Action item — What you write must match, character for character, the lines from the one with "9月13日,邓紫棋与男友现身" down to the one with "Hope & Ivy The" in the listing below, minus its pictures.
━━━ Records provided
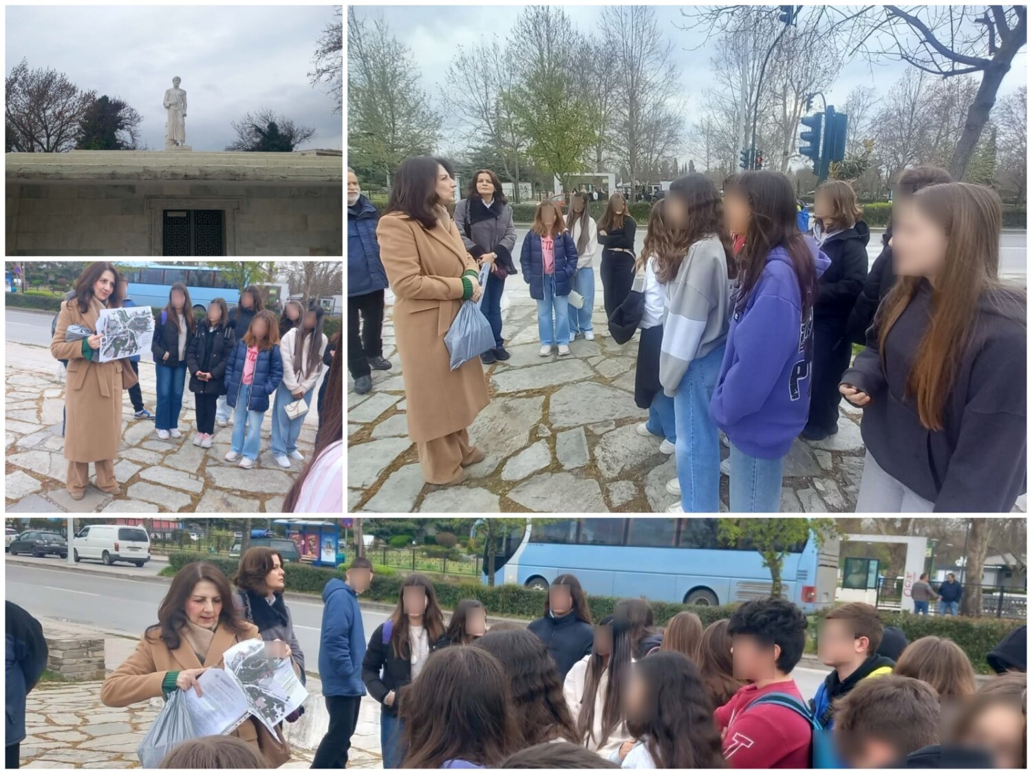 Κατά την πρώτη στάση στο Μνημείο του Ιπποκράτη, η κ. Ηλιάδη Χριστίνα-Φιλόλογος/Διευθύντρια του 4ου ΕΠΑ.Λ. Λάρισας και Μέλος του Δ.Σ. του Συλλόγου «Ο Ιπποκράτης στη Λάρισα» υποδέχθηκε τα παιδιά και τους εκπαιδευτικούς που τα συνόδευαν. Εν συνεχεία, ενημέρωσε για τη ζωή και το έργο του μεγάλου αρχαίου Έλληνα ιατρού, ο οποίος θεωρείται πατέρας της Ιατρικής και τους μίλησε για την ιστορία του μνημείου και τη σύνδεση του Ιπποκράτη με την πόλη της Λάρισας. Ευχαριστούμε την κ. Ηλιάδη για την όμορφη αυτή εμπειρία.
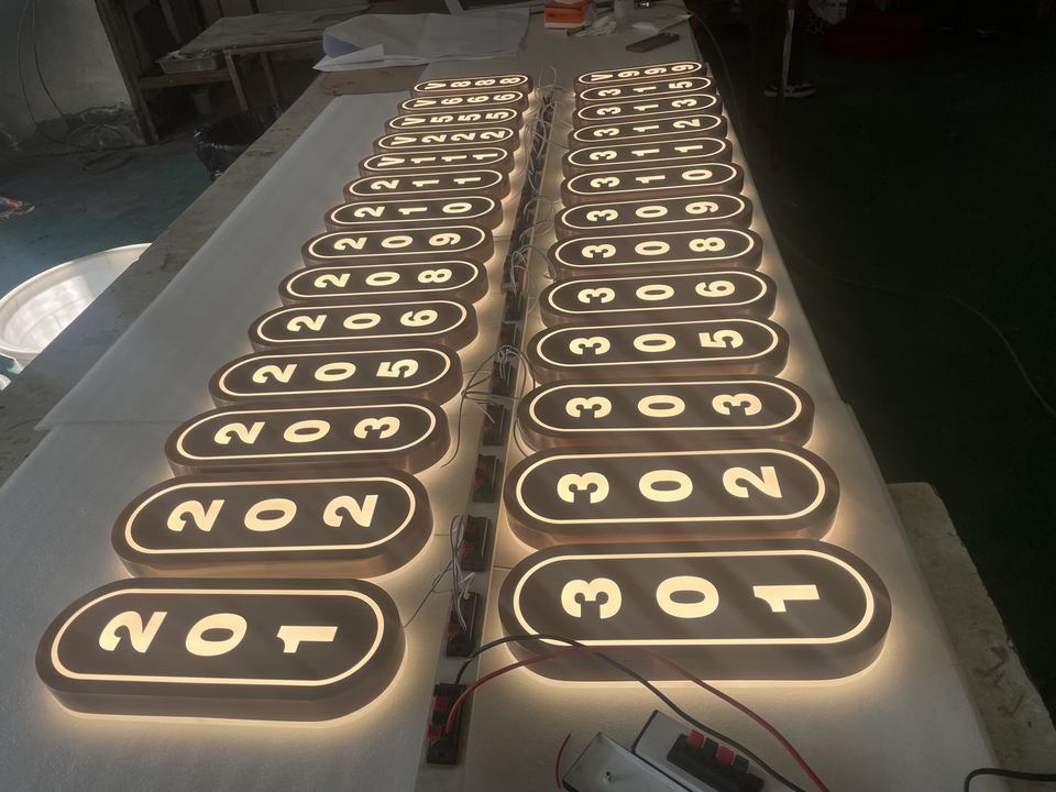 Caja de luz LED de Material acrílico de Metal de diseño moderno, juego de caja de luz de número de decoración de Casa de Hotel con iluminación frontal personalizable
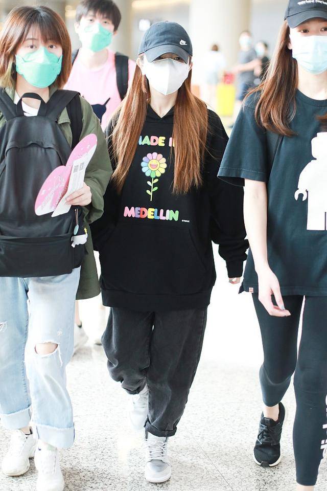 9月13日,邓紫棋与男友现身上海机场,成功吸引媒体聚焦。照片中邓紫棋戴着棒球帽和口罩,黄色长发披在胸前。
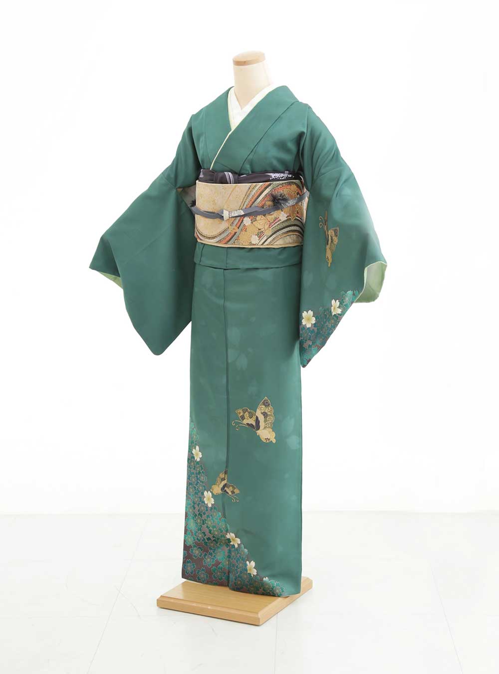 深い緑色を基調とした落ち着いた印象のある衣装。裾の花柄のモチーフがさりげなく濃い色へのグラデーションになっているのが上品な印象に。 袖や裾に蝶の模様が描かれているのもこの着物のワンポイントに!光沢のある生地にゴールドの蝶が上品さを際立たせてくれ、目を惹くこと間違いなし!シックな印象のあるこの衣装は、年代問わず着こなせる1着。
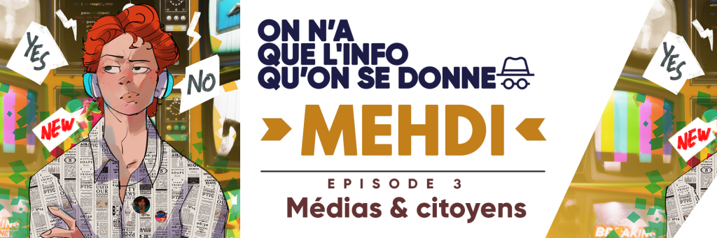 L’épisode 3 « Mehdi » s’axera autour des relations qu’ont les citoyens avec les médias. S’y sentent-ils représentés ? Quelle place souhaitent-ils éventuellement occuper ? Ont-ils confiance dans la manière dont l’info est proposée dans les médias ? Quelles pistes pour que journalistes et citoyens puissent travailler « ensemble » ? Tout cela sera évoqué de plusieurs manières pour permettre au public de faire le tour de la question :
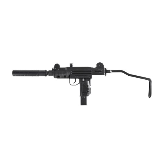 IWI Mini Uzi 4,5 mm BB CO2 to szybkostrzelna wiatrówka CO2 z systemem blow-back, składaną na bok kolbą oraz odłączanym tłumikiem dźwięku.
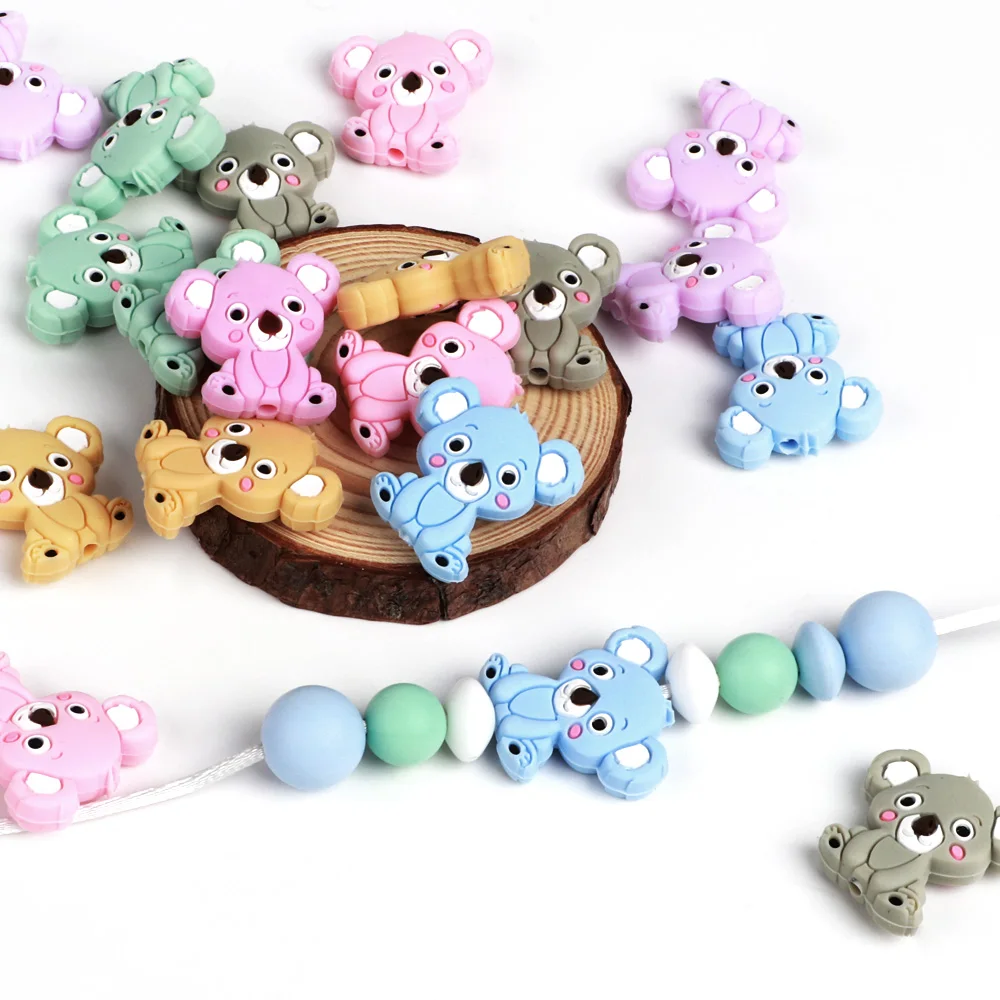 TYRY.HU 10 шт. силиконовые бусины для прорезывателя зубов коала DIY Детские цепочки для соски Прорезыватель для зубов Монтессори сенсорные Мультяшные ювелирные изделия бусины без БФА
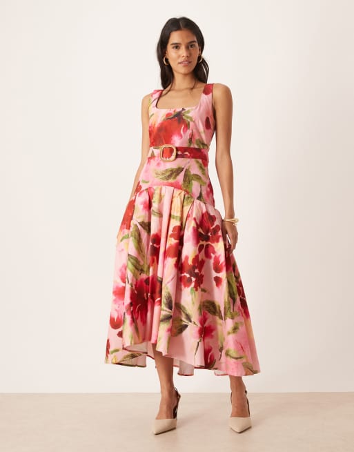 Hope & Ivy The sybil square neck drop hem midaxi dress with waist belt in pink
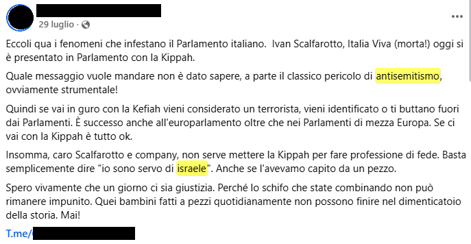 “Eccoli qua i fenomeni che infestano il Parlamento italiano. Ivan Scalfarotto, Italia Viva (morta!) oggi si è presentato in Parlamento con la Kippah. Quale messaggio vuole mandare non è dato sapere, a parte il classico pericolo di antisemitismo, ovviamente strumentale! Quindi se vai in guro con la Kefiah vieni considerato un terrorista, vieni identificato o ti buttano fuori dai Parlamenti. È successo anche all’europarlamento oltre che nei Parlamenti di mezza Europa. Se ci vai con la Kippah è tutto ok. Insomma, caro Scalfarotto e company, non serve mettere la Kippah per fare professione di fede. Basta semplicemente dire “io sono servo di israele”. Anche se l’avevamo capito da un pezzo. Spero vivamente che un giorno ci sia giustizia. Perché lo schifo che state combinando non può rimanere impunito. Quei bambini fatti a pezzi quotidianamente non possono finire nel dimenticatoio della storia. Mai!”
━━━━━━
Solution for this exercise —
 9月13日,邓紫棋与男友现身上海机场,成功吸引媒体聚焦。照片中邓紫棋戴着棒球帽和口罩,黄色长发披在胸前。
 深い緑色を基調とした落ち着いた印象のある衣装。裾の花柄のモチーフがさりげなく濃い色へのグラデーションになっているのが上品な印象に。 袖や裾に蝶の模様が描かれているのもこの着物のワンポイントに!光沢のある生地にゴールドの蝶が上品さを際立たせてくれ、目を惹くこと間違いなし!シックな印象のあるこの衣装は、年代問わず着こなせる1着。
 L’épisode 3 « Mehdi » s’axera autour des relations qu’ont les citoyens avec les médias. S’y sentent-ils représentés ? Quelle place souhaitent-ils éventuellement occuper ? Ont-ils confiance dans la manière dont l’info est proposée dans les médias ? Quelles pistes pour que journalistes et citoyens puissent travailler « ensemble » ? Tout cela sera évoqué de plusieurs manières pour permettre au public de faire le tour de la question :
 IWI Mini Uzi 4,5 mm BB CO2 to szybkostrzelna wiatrówka CO2 z systemem blow-back, składaną na bok kolbą oraz odłączanym tłumikiem dźwięku.
 TYRY.HU 10 шт. силиконовые бусины для прорезывателя зубов коала DIY Детские цепочки для соски Прорезыватель для зубов Монтессори сенсорные Мультяшные ювелирные изделия бусины без БФА
 Hope & Ivy The sybil square neck drop hem midaxi dress with waist belt in pink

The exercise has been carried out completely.